There are three common ways to harvest heat beneath the earth’s surface, and turn it into electricity. The first is a dry steam plant which collects steam from fractures in the ground, and uses that steam to power a turbine and create electricity. Method two is a flash plant which harvests high pressurized hot water from underground and mixes it with low pressurized cooler water to create steam. Once again, this steam is used to rotate a turbine and create electricity. The last method is something called a binary plant which collects hot water and then passes it by another fluid with a much lower boiling point. This causes the secondary liquid to vaporize, thereby creating steam and turning a turbine. Binary plants are the most environmentally friendly of the three, and release almost zero CO2 emissions. On top of this, these plants can run all day everyday as they do not require wind or sun. They are relatively inexpensive to operate making them very profitable over the long run. They have a small geological footprint and can generate electricity, heat, and cooling directly.
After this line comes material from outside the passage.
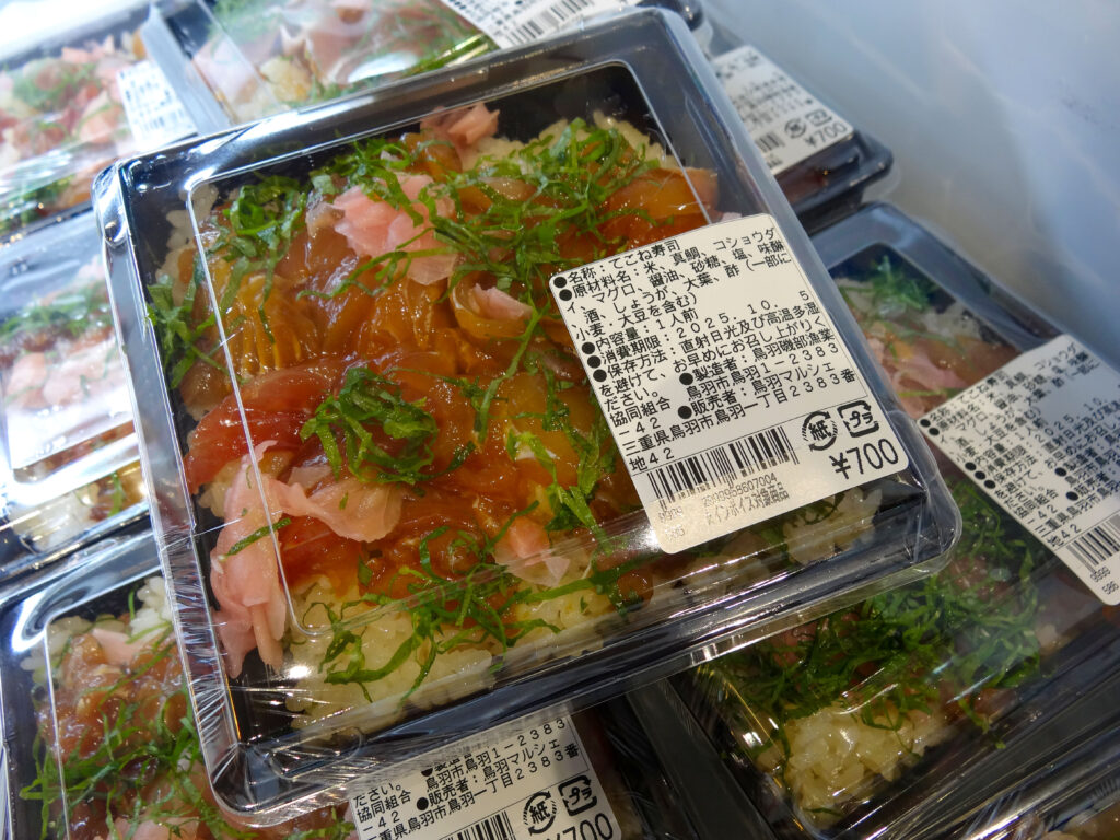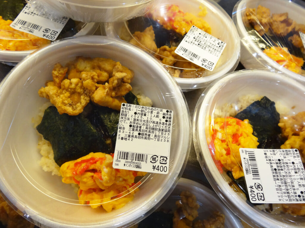 お弁当・お惣菜コーナーには、海苔丼や牡蠣のお好み焼き、ミニおかずセット、てこね寿司にマルシェ日替わり弁当などが並んでおります🍱🍚✨

So why are we not building them? The United States of America is the largest producer of geothermal energy in the world, and yet Canada produces almost none. Canada has an abundant amount of potential for geothermal energy too, specifically in BC which lies within the Pacific Ring of Fire (a horseshoe shaped area full of active volcanos and earthquake zones). Even in Ontario, if you dug deep enough, you would be able to produce geothermal energy. On top of this, there already exists Canadian companies which operate geothermal plants outside of Canada, but not within Canada. So, to finally get to the point, here are the main reasons geothermal is not a prominent method of generation in Canada:
- Canada has plenty of cheap energy resources already. In BC and Yukon where the geothermal potential is greatest, there exists large hydropower stations which are both cheap and efficient. The BC government continues to invest in their hydropower, and easily meets their customer consumption demands. Investing in geothermal just seems like a waste of money and time.
- The upfront cost is too high for the risk. Drilling for geothermal deposits is just as complicated as drilling for oil and gas. Large amounts of research and construction must be done before any electricity is generated, making the costs seem not worth it.
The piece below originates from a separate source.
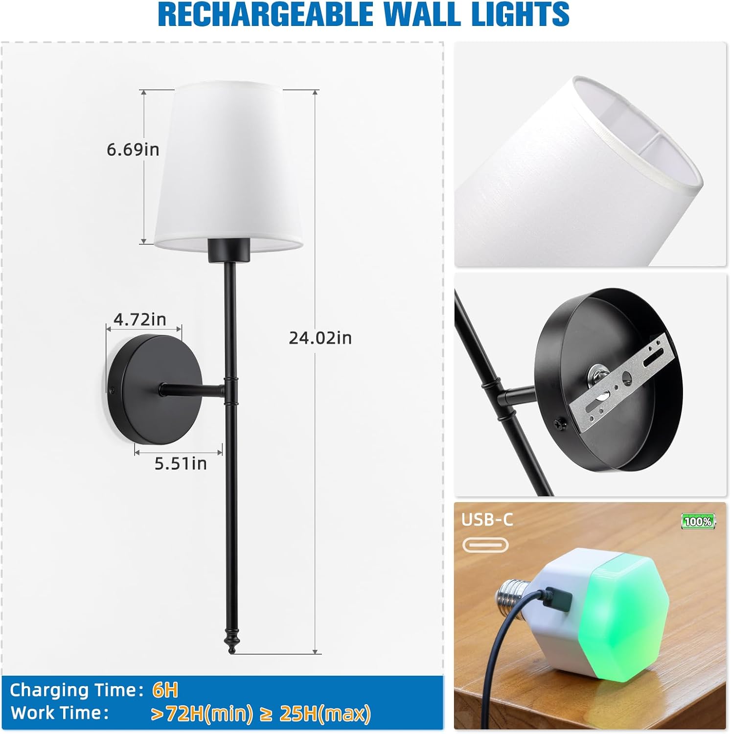 【Wireless & Easy to Install】NIORSUN wall sconces set of two battery operated comes with two 300 lumen, 5200 mAh E26 rechargeable bulbs. It can work 25H for highest brightness, 72H for low brightness fully charged.Our rechargeable wall sconce redefine convenience with their easy installation, no wiring required. With a sleek and contemporary design, these sconces effortlessly blend into any indoor space, providing both functionality and style.

- There is very minimal government interest. Many locations for rich geothermal energy are also locations for rich amounts of oil and gas. The government would rather produce more oil to increase exports than invest in a new process.
Another issue that is not specific to Canada is that geothermal plants release large amounts of hydrogen sulfide gas into the air. The gas particles break down within a few days, but its initial high concentration levels can be hazardous to aquatic life, birds, and animals. Other waste chemicals can also be produced as a by-product which can contain varying health risks. Finally geothermal sites don’t last forever and their resource deposits can be depleted after a minimum of a few decades.
It may seem like geothermal energy will never exist in Canada, but I wouldn’t be so certain. The recent implementation of a carbon tax across the country may begin to cause oil and gas companies to look to invest their resources into more environmentally friendly areas of energy. The easiest transition for these companies would be to begin investing in geothermal energy which involves similar exploration and drilling processes. Unfortunately it is far too early to determine what will happen with geothermal energy in Canada. I can only hope that in the future, more people will see its true potential as a viable way to generate energy.